DIRECTIONS FOR THIS TASK: If pictures appear among the lines below, leave them out while you return exactly the lines from the one with "Мышки с восторгом" through the one with "Тумба для обуви".

######

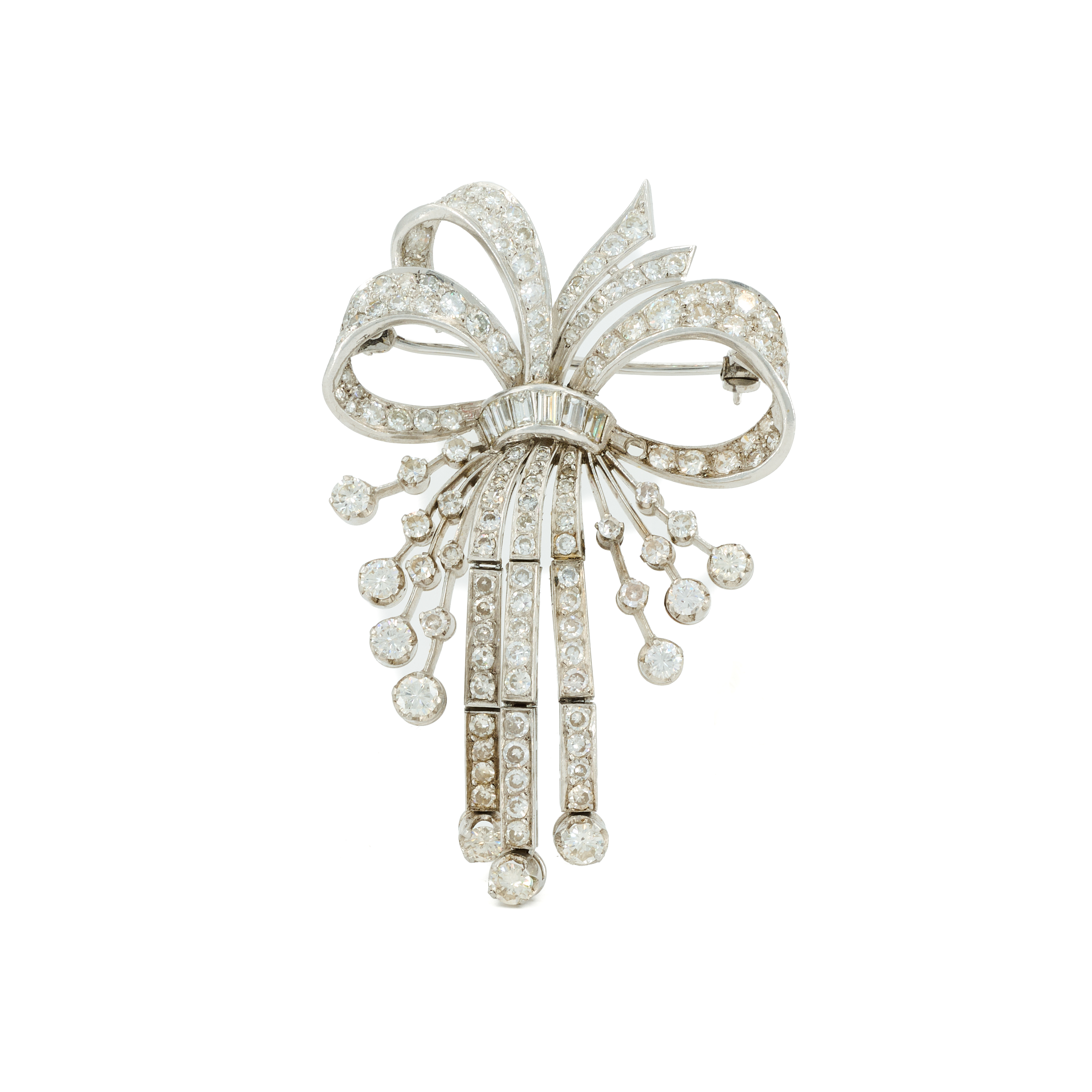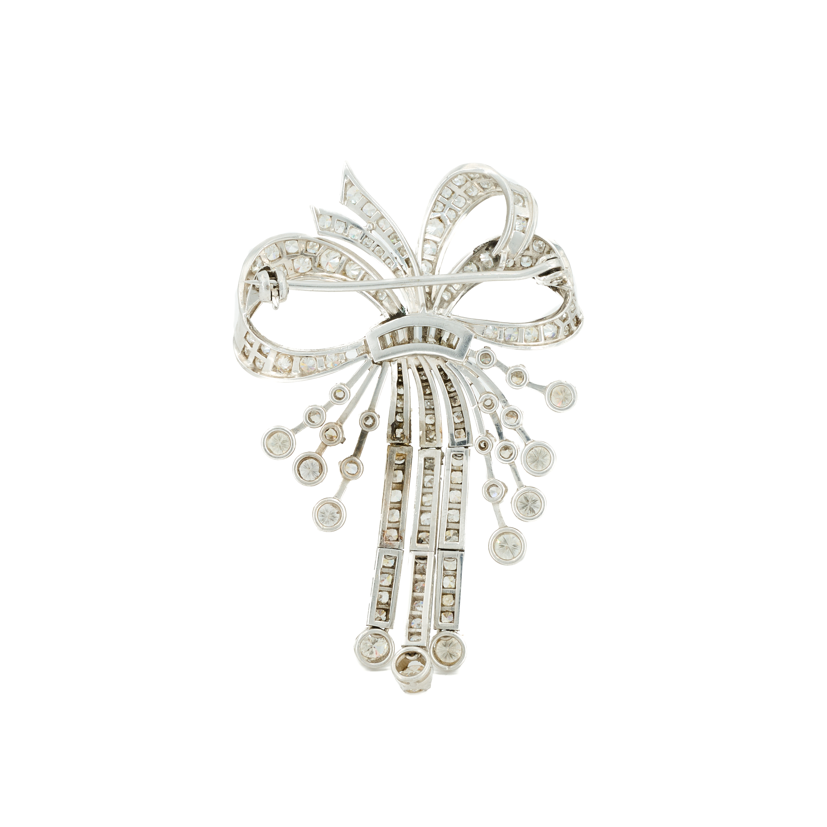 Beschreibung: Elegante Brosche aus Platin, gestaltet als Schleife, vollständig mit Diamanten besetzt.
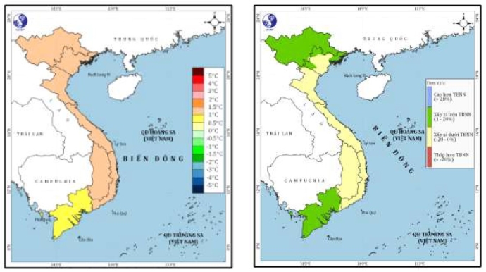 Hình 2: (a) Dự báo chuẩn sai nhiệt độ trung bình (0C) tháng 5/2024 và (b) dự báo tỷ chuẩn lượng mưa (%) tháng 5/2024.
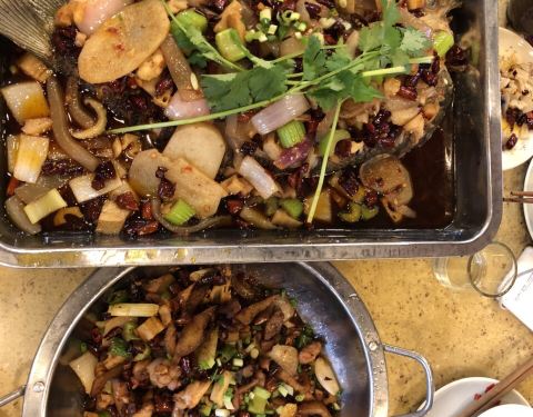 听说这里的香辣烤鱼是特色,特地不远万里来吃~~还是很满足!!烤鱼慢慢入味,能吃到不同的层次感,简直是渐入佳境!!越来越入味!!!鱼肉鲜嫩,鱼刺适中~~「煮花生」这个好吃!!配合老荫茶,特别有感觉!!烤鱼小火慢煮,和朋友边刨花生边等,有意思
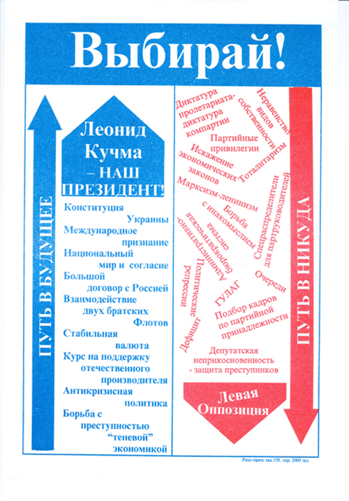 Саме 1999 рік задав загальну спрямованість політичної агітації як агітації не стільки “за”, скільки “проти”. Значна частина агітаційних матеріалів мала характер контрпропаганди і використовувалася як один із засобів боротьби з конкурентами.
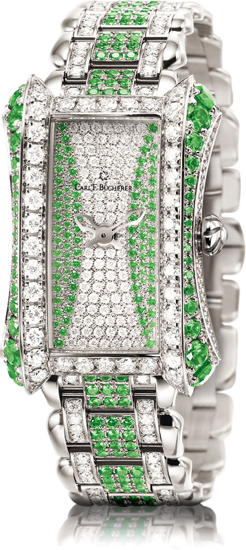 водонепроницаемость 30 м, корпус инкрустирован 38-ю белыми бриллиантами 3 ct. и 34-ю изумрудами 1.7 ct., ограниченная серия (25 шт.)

######

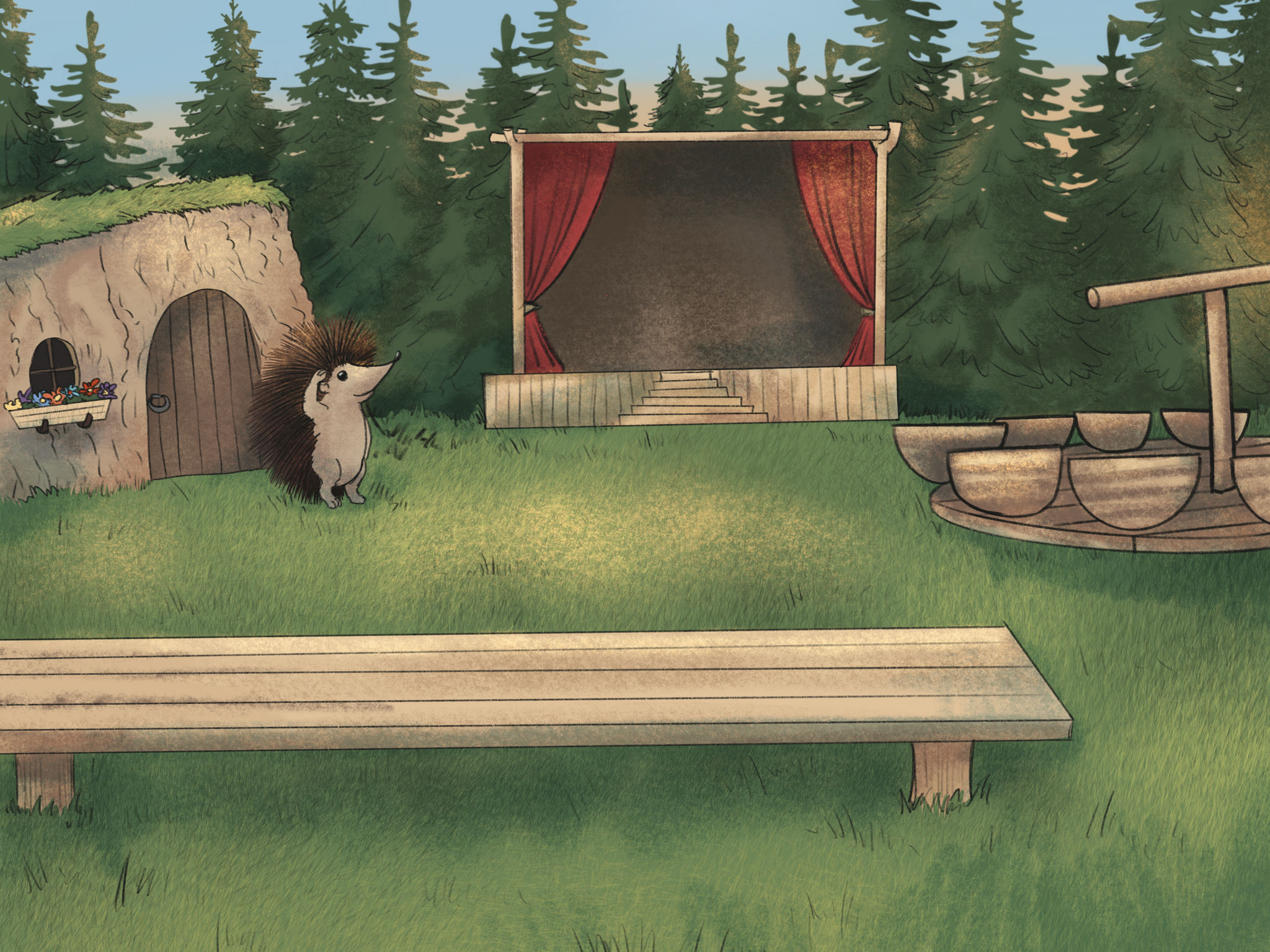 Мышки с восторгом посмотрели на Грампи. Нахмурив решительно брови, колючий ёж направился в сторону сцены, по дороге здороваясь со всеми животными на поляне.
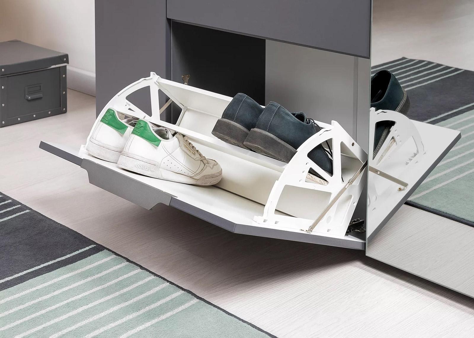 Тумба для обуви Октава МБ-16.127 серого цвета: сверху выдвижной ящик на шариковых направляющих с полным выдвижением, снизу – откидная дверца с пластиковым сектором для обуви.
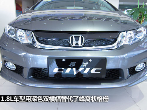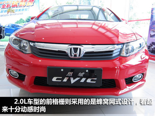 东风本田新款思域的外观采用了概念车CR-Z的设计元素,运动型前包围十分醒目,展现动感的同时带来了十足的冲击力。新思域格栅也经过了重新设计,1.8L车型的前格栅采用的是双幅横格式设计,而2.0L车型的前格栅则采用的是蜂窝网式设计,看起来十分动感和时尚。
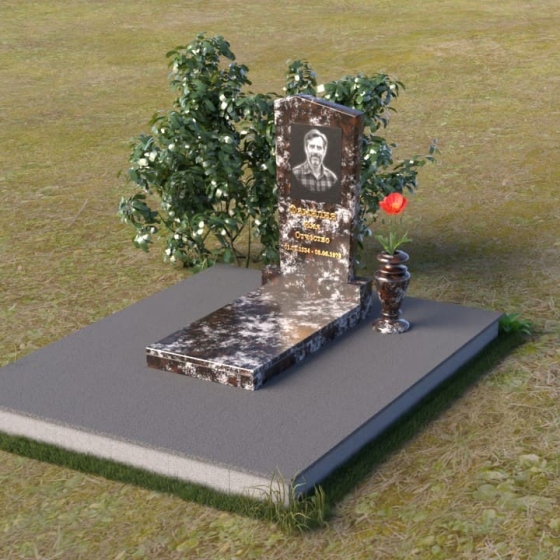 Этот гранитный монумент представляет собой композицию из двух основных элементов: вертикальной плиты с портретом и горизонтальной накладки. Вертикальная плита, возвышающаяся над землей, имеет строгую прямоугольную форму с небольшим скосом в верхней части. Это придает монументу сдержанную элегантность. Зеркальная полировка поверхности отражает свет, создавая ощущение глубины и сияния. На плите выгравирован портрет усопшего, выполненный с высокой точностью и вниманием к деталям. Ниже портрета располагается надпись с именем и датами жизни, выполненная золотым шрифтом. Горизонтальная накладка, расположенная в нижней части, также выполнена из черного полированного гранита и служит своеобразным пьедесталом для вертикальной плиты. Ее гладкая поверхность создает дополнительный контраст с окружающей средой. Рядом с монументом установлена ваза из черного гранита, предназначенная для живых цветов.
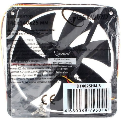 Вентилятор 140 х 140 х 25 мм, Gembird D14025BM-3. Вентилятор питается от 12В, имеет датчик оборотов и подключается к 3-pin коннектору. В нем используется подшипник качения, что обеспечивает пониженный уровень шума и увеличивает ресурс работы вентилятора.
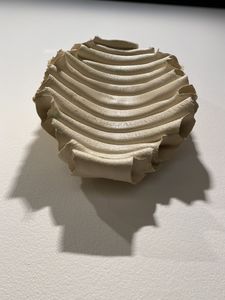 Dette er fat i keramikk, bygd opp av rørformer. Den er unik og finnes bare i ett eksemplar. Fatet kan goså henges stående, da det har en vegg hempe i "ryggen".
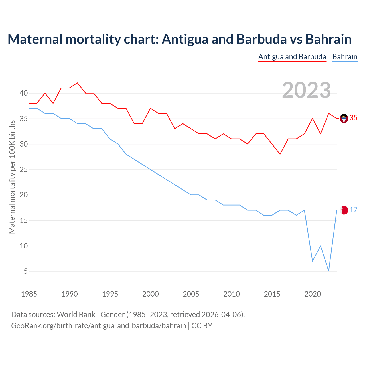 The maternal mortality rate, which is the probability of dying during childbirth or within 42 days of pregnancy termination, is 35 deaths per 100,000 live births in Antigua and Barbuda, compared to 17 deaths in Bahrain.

######

RESPONSE BOX:
 Мышки с восторгом посмотрели на Грампи. Нахмурив решительно брови, колючий ёж направился в сторону сцены, по дороге здороваясь со всеми животными на поляне.
 Тумба для обуви Октава МБ-16.127 серого цвета: сверху выдвижной ящик на шариковых направляющих с полным выдвижением, снизу – откидная дверца с пластиковым сектором для обуви.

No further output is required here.